In the copy of these records, include no pictures and change nothing else.

-- Records shown follows --

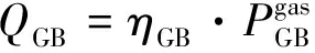 式中:QGB表示燃气锅炉热功率;ηGB为燃气锅炉制热效率;
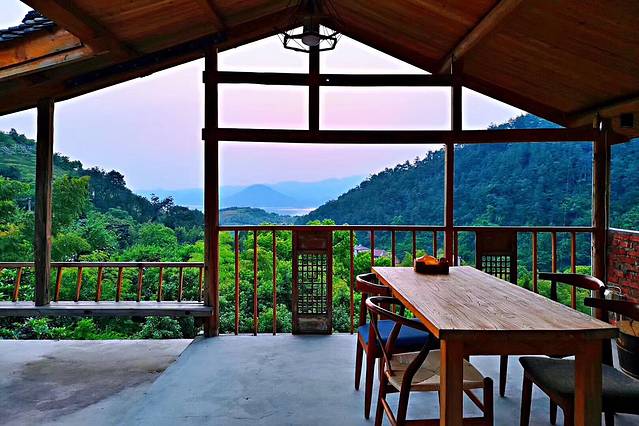 游玩了千岛湖已经将近傍晚,该到了寻找住宿的时候,查询了一下发现就近有座民宿叫仟陌间,就在山腰当中,融入在景色里面,看着图片早已心仪,于是找准位置方向,直接徒步前行,没多久就看到那家民宿的影子,和景色完美贴合。
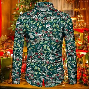 חג המולד גברים סצנת חג המולד חולצות מודפסות חולצות הדפסים גרפיים פרחוניים יין ירוק הדפס תלת מימד ברחוב הדפס שרוולים ארוכים ביגוד ביגוד מעצב אופנה קז'ואל
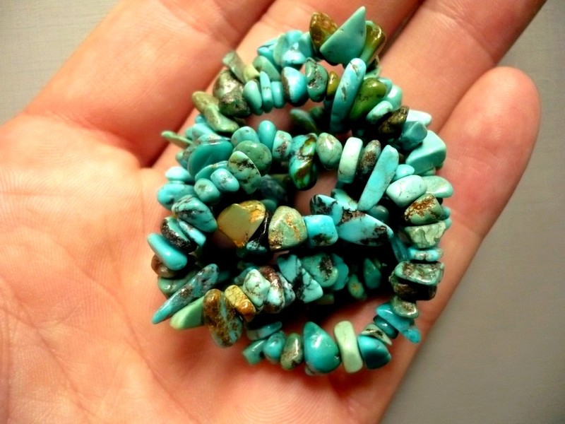 Minerální zlomky - tyrkys - v délce 20 cm, navlečeno na gumičce. Každý zlomek má svou originální kresbu.
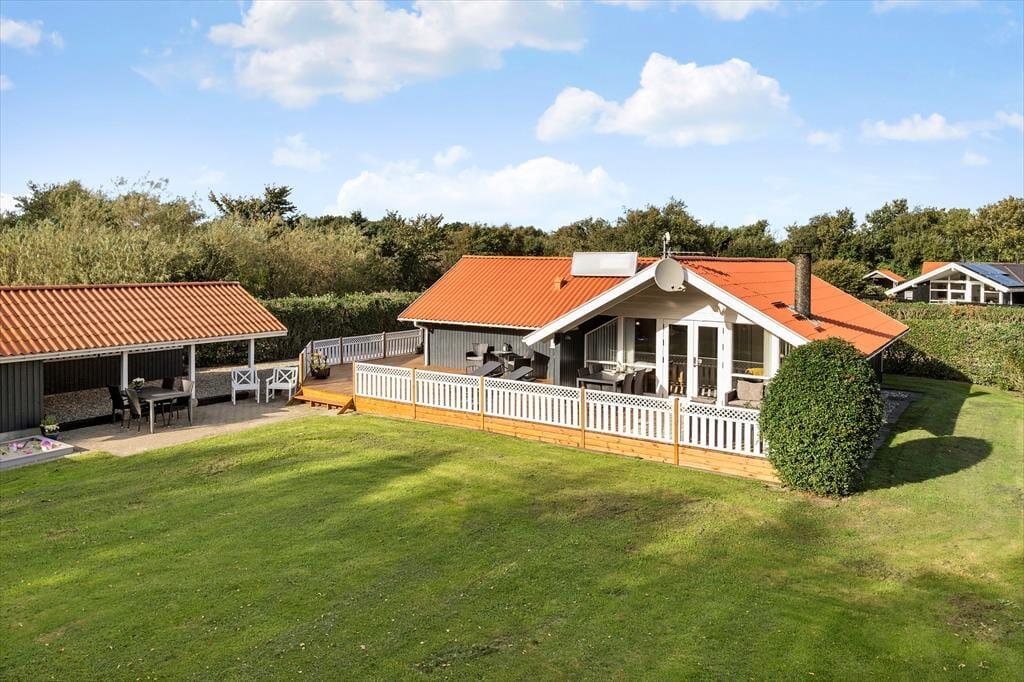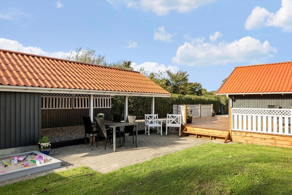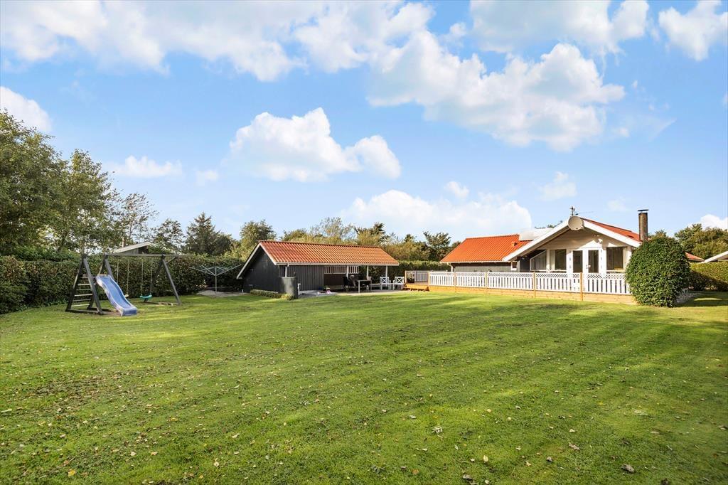 Der er også tænkt på de yngste familiemedlemmer ude i det fri, for udover en stor græsplæne er der sandkasse og gynger i haven. En tæt hæk omkranser grunden, så I kan nyde ferielivet på ugeneret vis, uanset om I spiller havespil eller slapper af på den store, sydvendte terrasse.
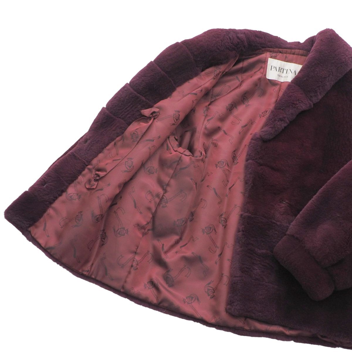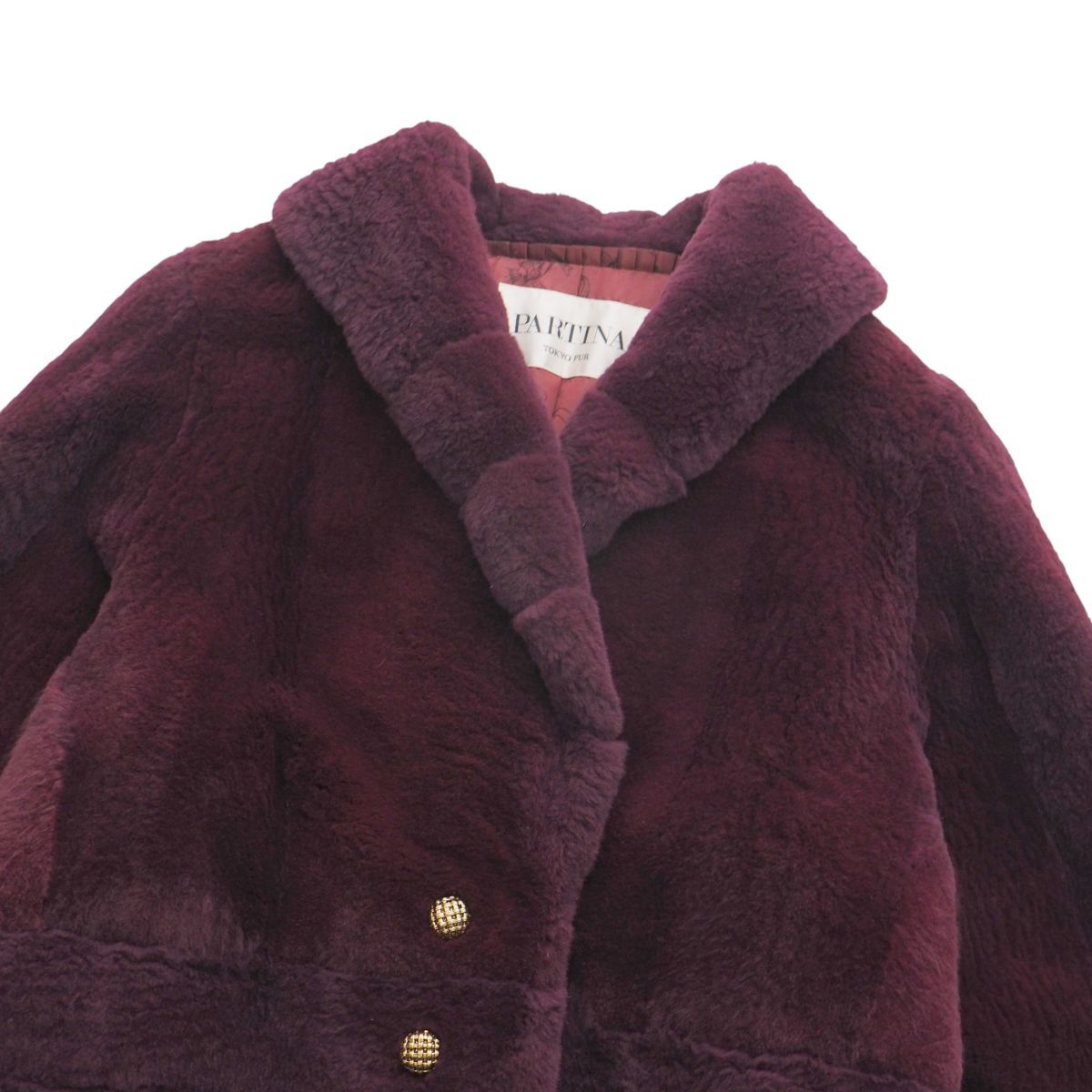 GS2936◇PARTINA パルティナ TOKYO FUR シェアード ムートン ファージャケット ハーフ丈 ファーコート 毛皮コート サイズ11 ワインレッド系
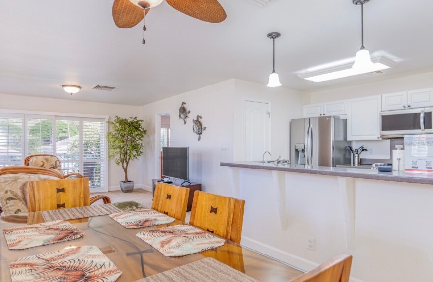 Experience the magic of Ko Olina, "a place of joy" as it translates from Hawaiian. 20 miles from Honolulu on Oahu's leeward coast, Ko Olina is an exclusive destination for both locals and travelers. Relax in your comfortable, furnished condo located within the gated community of Ko Olina Kai Golf Estate. This 3BR/2BA upstairs unit sleeps up to 6 people and is perfect for families or groups of friends both long- and short-term. Blending comfort and luxury, an open floor plan with tropical decor invites you into your island getaway. A full kitchen is equipped with stainless steel appliances and great counter space. A coffee bar, breakfast bar, and dining table provide options for preparing both casual eats and drinks or sophisticated meals. The master bedroom features a king bed, flat-screen TV, ample storage, and ensuite bathroom with a vanity and shower. The other bedrooms are both furnished with queen beds, TVs, and a shared bathroom. Your private lanai is surrounded by tropical flowers and plants; sip your coffee or wine and relax in the cool island trade winds. The picturesque, 34-acre Ko Olina Kai Estate offers cabanas, barbeque areas, a pool, and spa. Within walking distance are Ko Olina's famous lagoons with easy beach access. These calm, protected waterways are perfect for swimming, snorkeling, paddleboarding, and kayaking. Plenty of cafes, eateries, and shops in the community provide everything you need for your stay of any length. As a community resident, you have access to a Ko Olina Sports Club membership which includes discounts at shops and restaurants, classes, and a gym. With a direct exit into Ko Olina off the H1, commuting is simplified. Escape the grind of Honolulu while being close enough to experience the city lights at your convenience. Immerse yourself in the natural beauty of the west side; hike the Maili Pillbox in Nanakuli, dig into Hawaiian history in Kapolei at Barber's Point Lighthouse or holoholo at Paradise Cove... (Ask us about the Mermaid Cave!) Soak up the Pacific sun and bask in the turquoise waters; stay for one month or one year and experience the aloha of Ko Olina for yourself... just bring your bags! Rates: $5500 (+taxes/fees) per month if lease is 6 months or more; $6500 (+taxes/fees) per month if lease is less than 6 months; $7500 (+taxes/fees) per month for holiday rates (December/January/February 2025). Please note... Per Hawaii zoning laws, this unit mandates a 30-day minimum booking. Leases less than 6 months are subject to GET/TAT tax of 17.92%. 2 parking stalls provide space for compact and standard vehicles. This unit cannot accommodate large-sized SUVs and oversized vehicles. This unit and its entire premises are non-smoking; failure to comply with this policy may lead to eviction without refund. In compliance with Honolulu Fire Code, there is no BBQ/grilling allowed on the lanai; please utilize one of the many grills provided by the estate. A hui hou a malama!
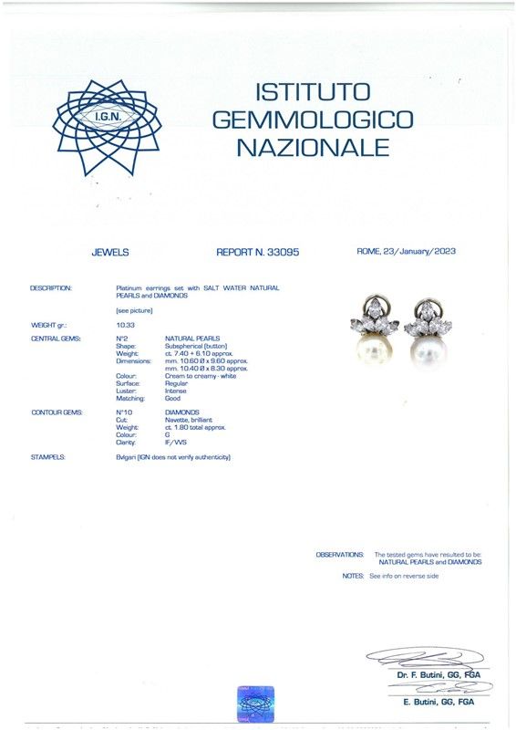 BULGARI PAIO DI ORECCHINI CON PERLE NATURALI E DIAMANTI in platino, impreziositi da due perle di mm 10.60x9.60 circa e 10.40x8.30 circa, sormontati da diamanti taglio navette per ct 1.80 circa, firmati "Bulgari", chiusura a clip, dim. cm 1x2 circa, gr. 10 complessivi. Corredati di scatola e certificato IGN del 23/01/2023 attestante le caratteristiche.
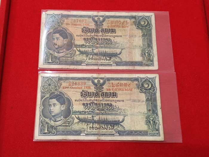 ในหลวง ร๙ ธนบัตรแบบ 9 ราคา 1 บาท รุ่น 5 ลายเซ็น เภา - เกษม UNC จำนวน 2 ฉบับ |
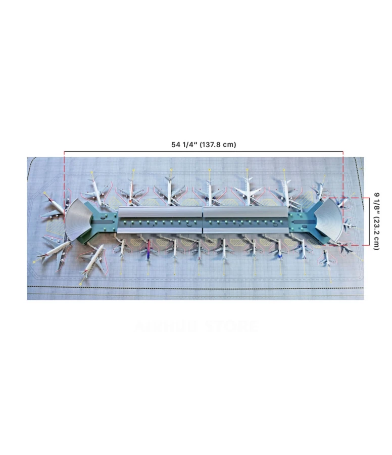 The terminal is made of durable resin and is over 137 cm long. It is equipped with 22 gates for parking aircraft, as well as movable and adjustable telescopic air bridges that can be adapted to different types of airliners. Built-in LED lighting creates the effect of a night airport and adds maximum realism to the model.
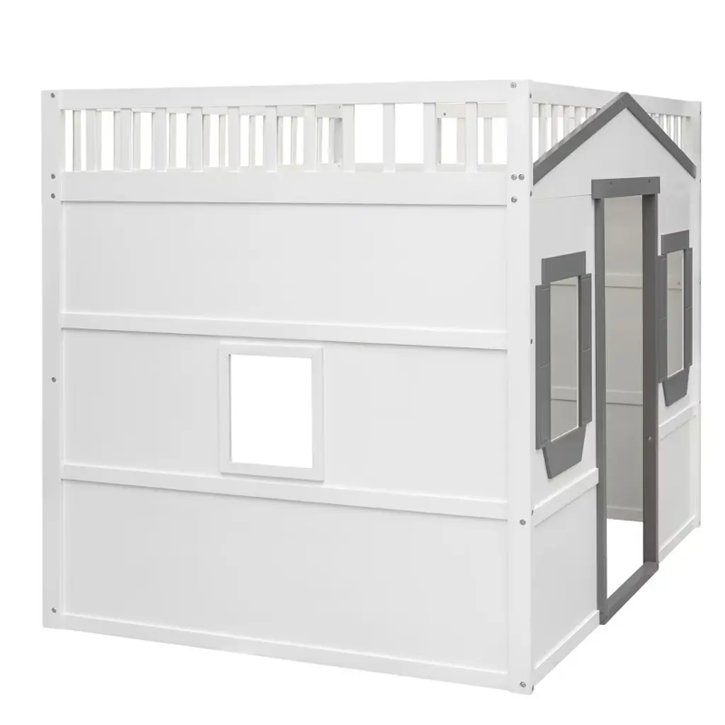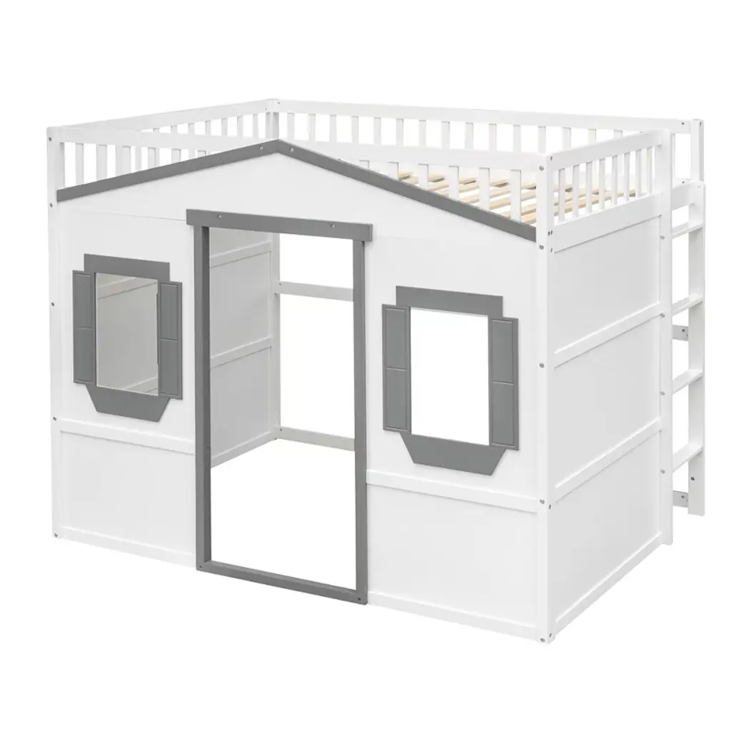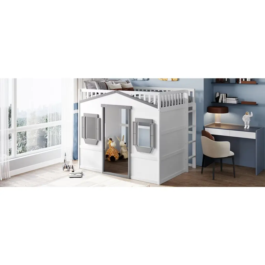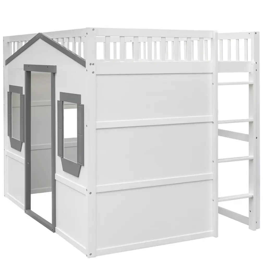Full Size House Loft Bed With Ladder For Bedroom
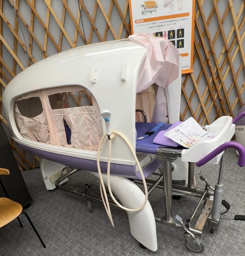 - 「入浴=危険が多い」というイメージがありましたが、この装置は利用者の安心と介助者の安全を同時に実現できる設備だと感じた。入浴介助に不安を抱く現場にとっては、有効な選択肢の一つになると思います。
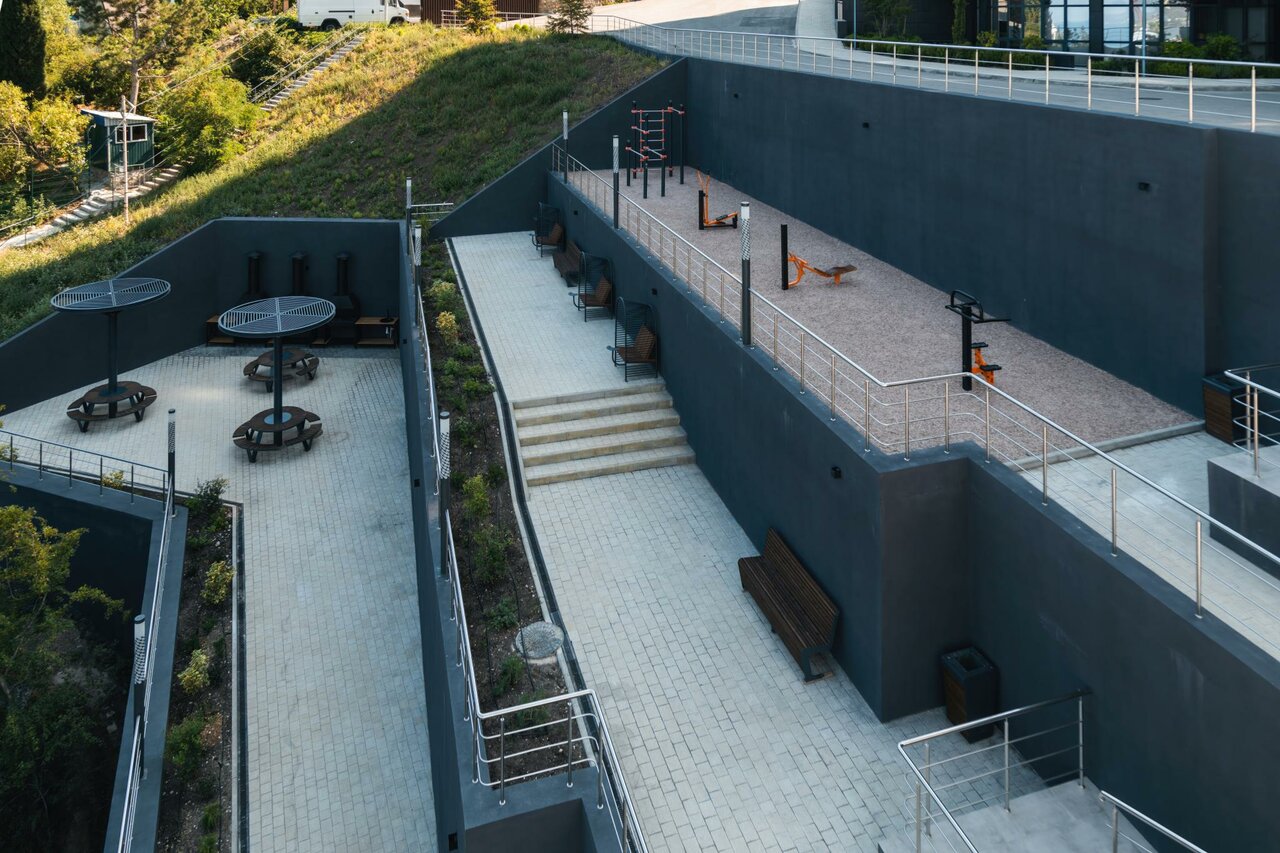 Прекрасное место, замечательные современные апартаменты с современным ремонтом. Переехали сюда из апартов, которые снимали у собственника — за три дня там устали от дешевого ремонта — было убого,не удобно и дороже, чем предлагает отель. В итоге задержались тут на два месяца, получили огромное удовольствие от отдыха. До моря нужно пройтись, но это приятная и полезная прогулка. Приятно благоустроена территория — зоны отдыха, тренажеры, мангалы, гамак очень атмосферно! Ну а набережная профессорского уголка в Алуште — одно из любимы мест. Обязательно вернемся сюда!

-- Records shown concluded --

Response to the task –
 式中:QGB表示燃气锅炉热功率;ηGB为燃气锅炉制热效率;
 游玩了千岛湖已经将近傍晚,该到了寻找住宿的时候,查询了一下发现就近有座民宿叫仟陌间,就在山腰当中,融入在景色里面,看着图片早已心仪,于是找准位置方向,直接徒步前行,没多久就看到那家民宿的影子,和景色完美贴合。
 חג המולד גברים סצנת חג המולד חולצות מודפסות חולצות הדפסים גרפיים פרחוניים יין ירוק הדפס תלת מימד ברחוב הדפס שרוולים ארוכים ביגוד ביגוד מעצב אופנה קז'ואל
 Minerální zlomky - tyrkys - v délce 20 cm, navlečeno na gumičce. Každý zlomek má svou originální kresbu.
 Der er også tænkt på de yngste familiemedlemmer ude i det fri, for udover en stor græsplæne er der sandkasse og gynger i haven. En tæt hæk omkranser grunden, så I kan nyde ferielivet på ugeneret vis, uanset om I spiller havespil eller slapper af på den store, sydvendte terrasse.
 GS2936◇PARTINA パルティナ TOKYO FUR シェアード ムートン ファージャケット ハーフ丈 ファーコート 毛皮コート サイズ11 ワインレッド系
 Experience the magic of Ko Olina, "a place of joy" as it translates from Hawaiian. 20 miles from Honolulu on Oahu's leeward coast, Ko Olina is an exclusive destination for both locals and travelers. Relax in your comfortable, furnished condo located within the gated community of Ko Olina Kai Golf Estate. This 3BR/2BA upstairs unit sleeps up to 6 people and is perfect for families or groups of friends both long- and short-term. Blending comfort and luxury, an open floor plan with tropical decor invites you into your island getaway. A full kitchen is equipped with stainless steel appliances and great counter space. A coffee bar, breakfast bar, and dining table provide options for preparing both casual eats and drinks or sophisticated meals. The master bedroom features a king bed, flat-screen TV, ample storage, and ensuite bathroom with a vanity and shower. The other bedrooms are both furnished with queen beds, TVs, and a shared bathroom. Your private lanai is surrounded by tropical flowers and plants; sip your coffee or wine and relax in the cool island trade winds. The picturesque, 34-acre Ko Olina Kai Estate offers cabanas, barbeque areas, a pool, and spa. Within walking distance are Ko Olina's famous lagoons with easy beach access. These calm, protected waterways are perfect for swimming, snorkeling, paddleboarding, and kayaking. Plenty of cafes, eateries, and shops in the community provide everything you need for your stay of any length. As a community resident, you have access to a Ko Olina Sports Club membership which includes discounts at shops and restaurants, classes, and a gym. With a direct exit into Ko Olina off the H1, commuting is simplified. Escape the grind of Honolulu while being close enough to experience the city lights at your convenience. Immerse yourself in the natural beauty of the west side; hike the Maili Pillbox in Nanakuli, dig into Hawaiian history in Kapolei at Barber's Point Lighthouse or holoholo at Paradise Cove... (Ask us about the Mermaid Cave!) Soak up the Pacific sun and bask in the turquoise waters; stay for one month or one year and experience the aloha of Ko Olina for yourself... just bring your bags! Rates: $5500 (+taxes/fees) per month if lease is 6 months or more; $6500 (+taxes/fees) per month if lease is less than 6 months; $7500 (+taxes/fees) per month for holiday rates (December/January/February 2025). Please note... Per Hawaii zoning laws, this unit mandates a 30-day minimum booking. Leases less than 6 months are subject to GET/TAT tax of 17.92%. 2 parking stalls provide space for compact and standard vehicles. This unit cannot accommodate large-sized SUVs and oversized vehicles. This unit and its entire premises are non-smoking; failure to comply with this policy may lead to eviction without refund. In compliance with Honolulu Fire Code, there is no BBQ/grilling allowed on the lanai; please utilize one of the many grills provided by the estate. A hui hou a malama!
 BULGARI PAIO DI ORECCHINI CON PERLE NATURALI E DIAMANTI in platino, impreziositi da due perle di mm 10.60x9.60 circa e 10.40x8.30 circa, sormontati da diamanti taglio navette per ct 1.80 circa, firmati "Bulgari", chiusura a clip, dim. cm 1x2 circa, gr. 10 complessivi. Corredati di scatola e certificato IGN del 23/01/2023 attestante le caratteristiche.
 ในหลวง ร๙ ธนบัตรแบบ 9 ราคา 1 บาท รุ่น 5 ลายเซ็น เภา - เกษม UNC จำนวน 2 ฉบับ |
 The terminal is made of durable resin and is over 137 cm long. It is equipped with 22 gates for parking aircraft, as well as movable and adjustable telescopic air bridges that can be adapted to different types of airliners. Built-in LED lighting creates the effect of a night airport and adds maximum realism to the model.
Full Size House Loft Bed With Ladder For Bedroom
 - 「入浴=危険が多い」というイメージがありましたが、この装置は利用者の安心と介助者の安全を同時に実現できる設備だと感じた。入浴介助に不安を抱く現場にとっては、有効な選択肢の一つになると思います。
 Прекрасное место, замечательные современные апартаменты с современным ремонтом. Переехали сюда из апартов, которые снимали у собственника — за три дня там устали от дешевого ремонта — было убого,не удобно и дороже, чем предлагает отель. В итоге задержались тут на два месяца, получили огромное удовольствие от отдыха. До моря нужно пройтись, но это приятная и полезная прогулка. Приятно благоустроена территория — зоны отдыха, тренажеры, мангалы, гамак очень атмосферно! Ну а набережная профессорского уголка в Алуште — одно из любимы мест. Обязательно вернемся сюда!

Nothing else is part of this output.